---- Exercise input

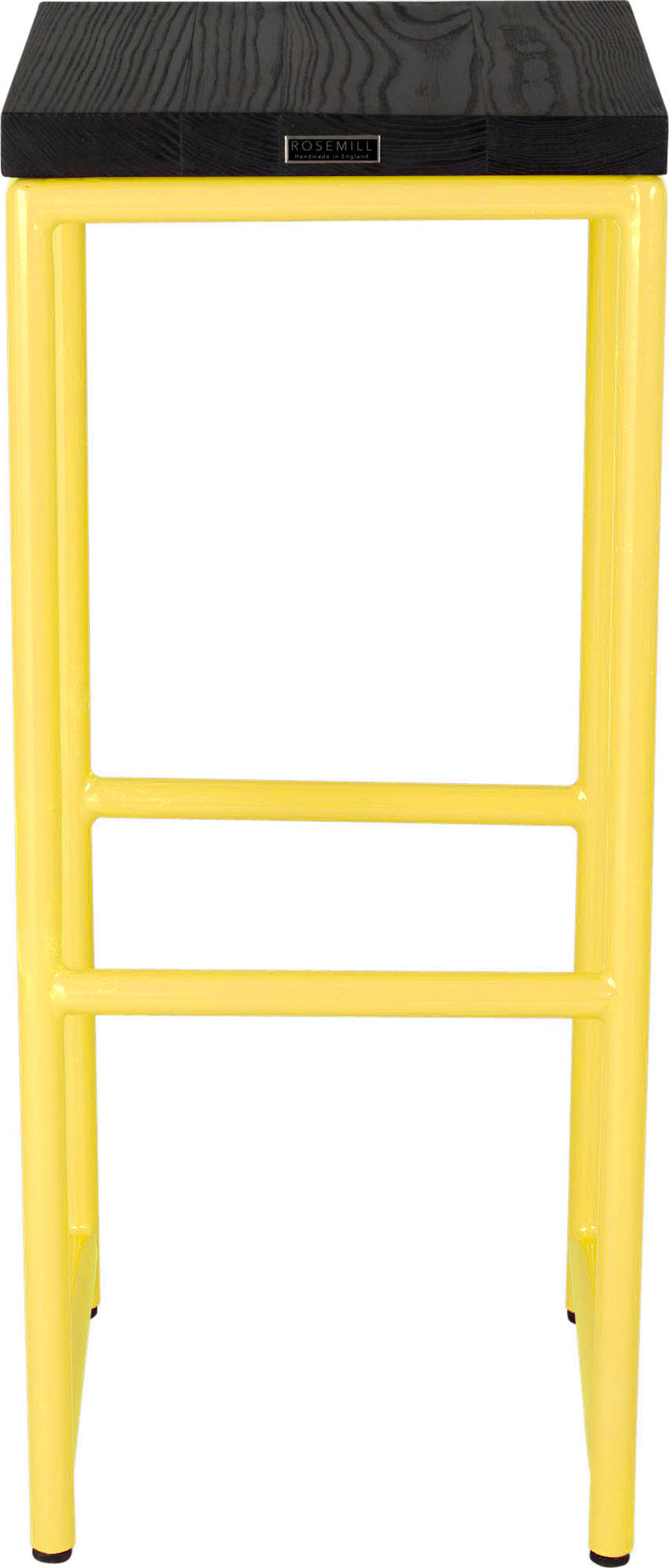 Gloss black metal stool with black stain ash wood made in UK - front view round frame
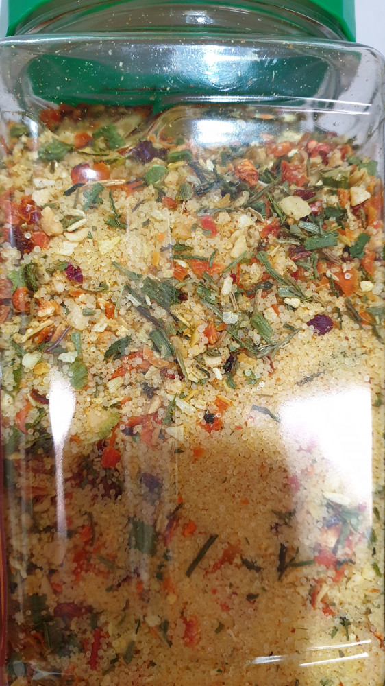 Какая классная соль! Вкус отменный. Идеальное сочетание в салаты, да и в суп шикарно. Курица с такой солью просто замечательно идет. Банка удобная, прямоугольная, сразу хорошо вписывается в интерьер. Широкое горлышко удобно.
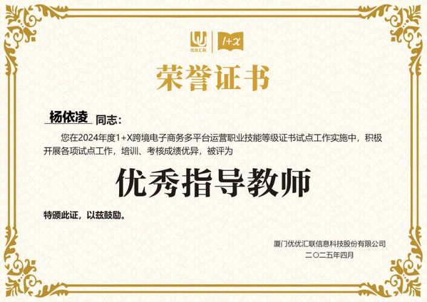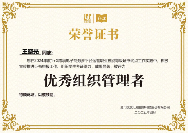 2024年在教育部1+X证书制度试点工作的深入推进下,凭借在跨境电子商务多平台运营领域的卓越表现,买足官网荣获2024年度“优秀试点院校”称号,商学院王晓光院长荣获“优秀组织管理者”,商学院教师耿仟、杨依凌老师获评“优秀指导老师”,以上荣誉不仅是对学生职业技能培养成效的肯定,更是对学校、学院教育教学改革成果的充分印证。
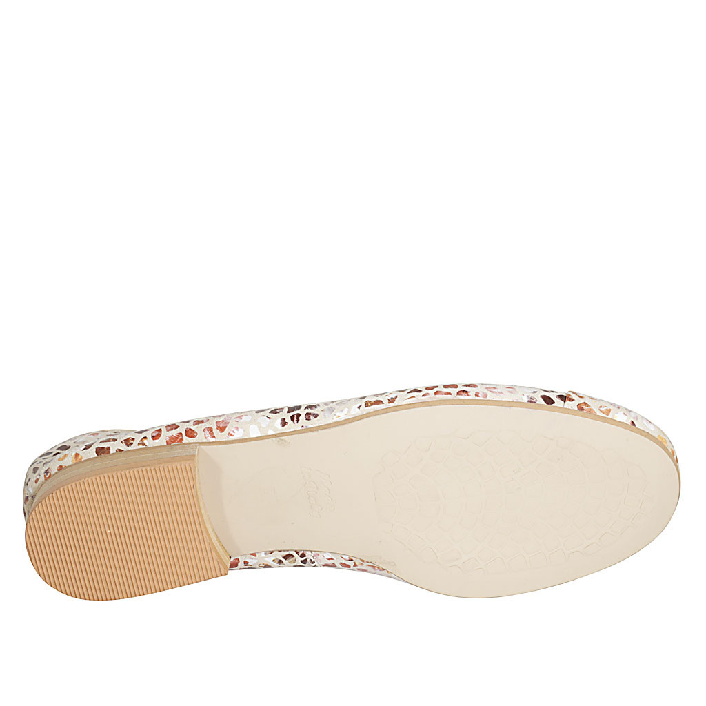 Woman's ballerina shoe with bow and captoe in beige multicolored printed suede heel 2
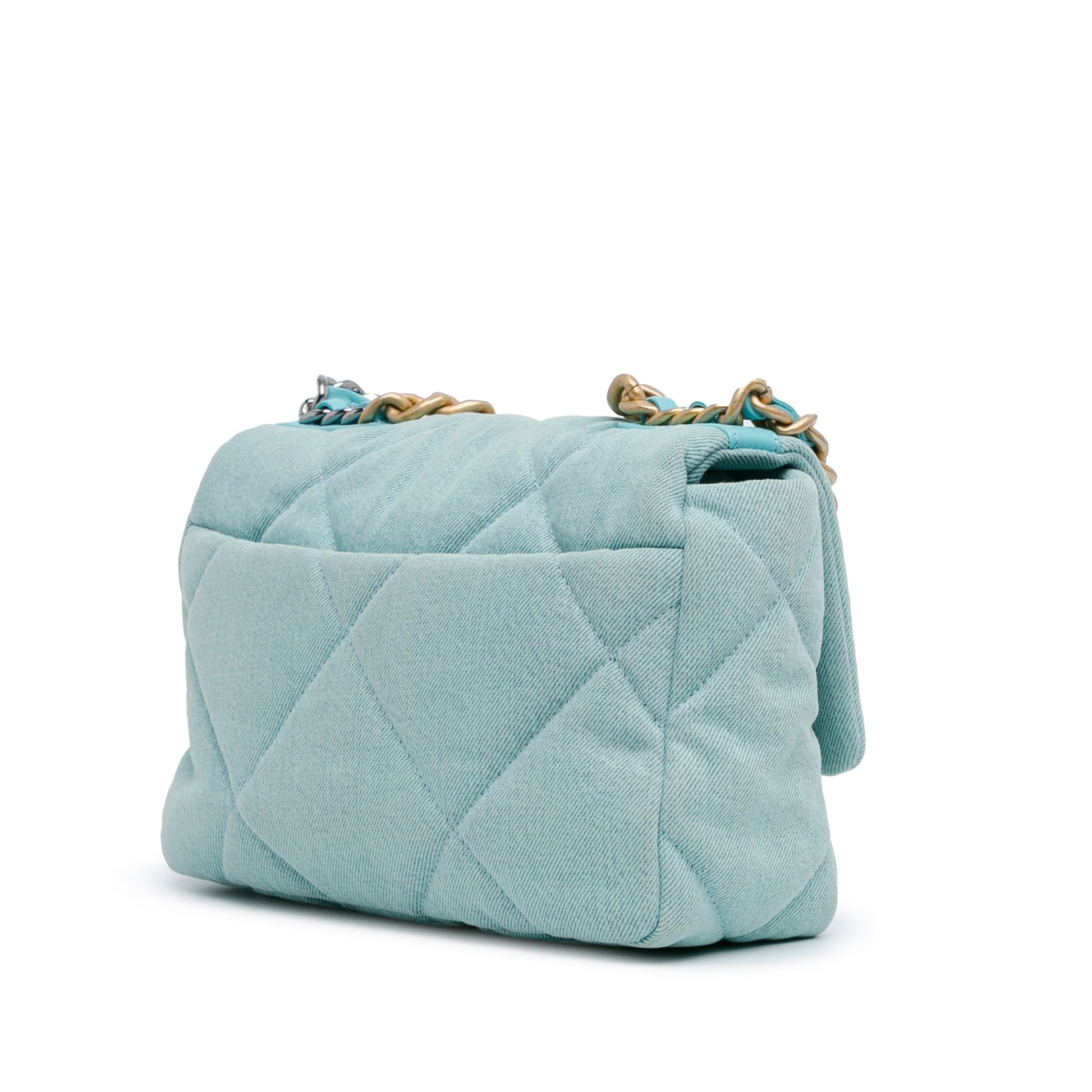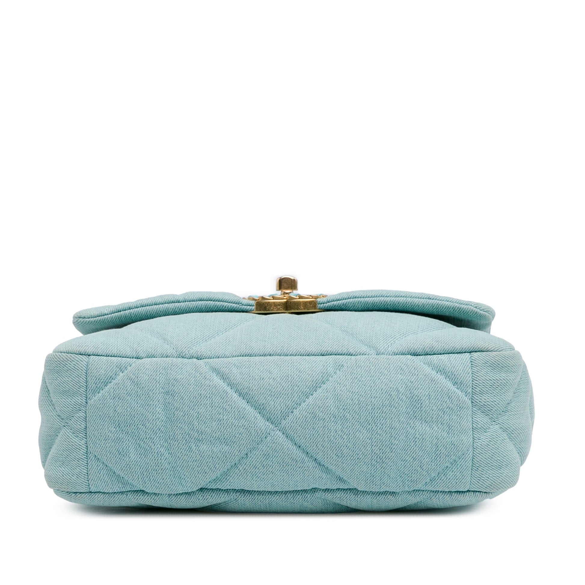 Product Details: Blue Chanel Medium Denim 19 Flap Satchel. The Medium 19 Flap bag features a quilted denim body, chain handle, a woven leather chain shoulder strap, a flap with a CC twist lock closure, an exterior slip pocket, and an interior zip pocket. 7.5" L x 10.2" W x 3.1" D, 3.1" drop. Serial number 31424118.
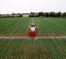 与拖拉机配套工作的牵引式喷药机,喷洒农药防治病虫害。
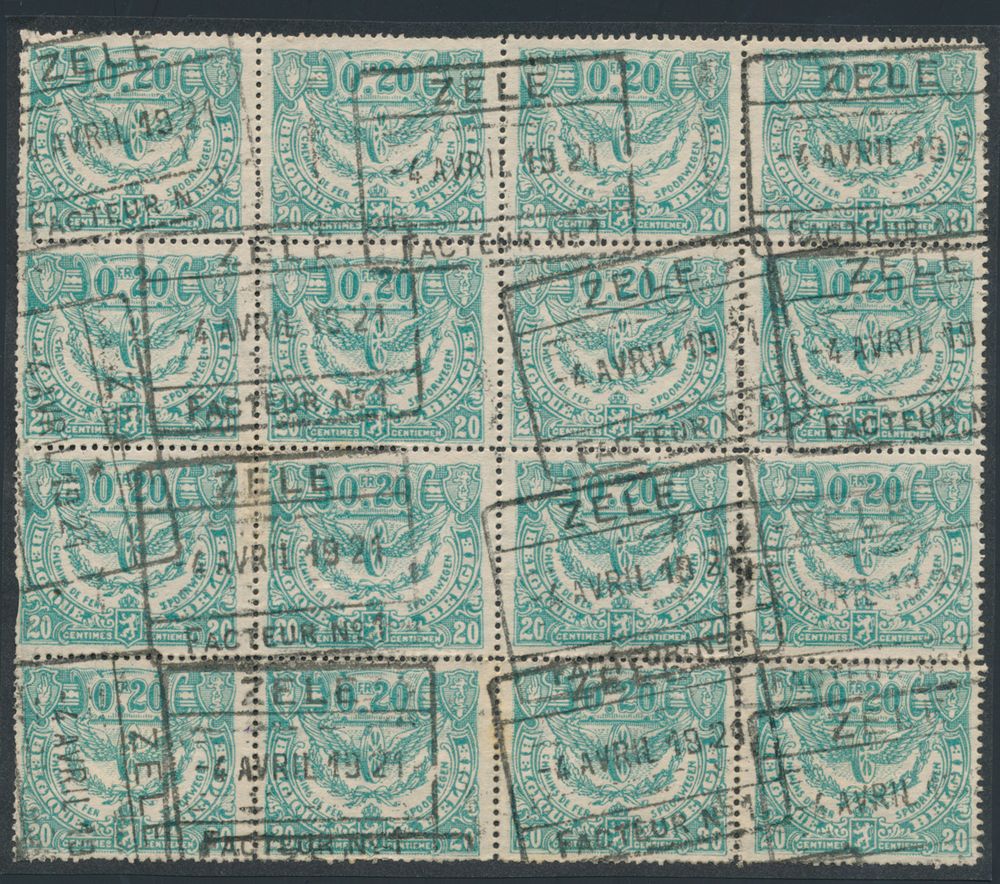 TR 102a "20c blue-green" (block of 16) afst. Zele-Facteur

--------

### What to work on
Look above for the line containing "Woman's ballerina shoe", then retype it and each line after it to the end of the records, exactly and without pictures.

### The answer
 Woman's ballerina shoe with bow and captoe in beige multicolored printed suede heel 2
 Product Details: Blue Chanel Medium Denim 19 Flap Satchel. The Medium 19 Flap bag features a quilted denim body, chain handle, a woven leather chain shoulder strap, a flap with a CC twist lock closure, an exterior slip pocket, and an interior zip pocket. 7.5" L x 10.2" W x 3.1" D, 3.1" drop. Serial number 31424118.
 与拖拉机配套工作的牵引式喷药机,喷洒农药防治病虫害。
 TR 102a "20c blue-green" (block of 16) afst. Zele-Facteur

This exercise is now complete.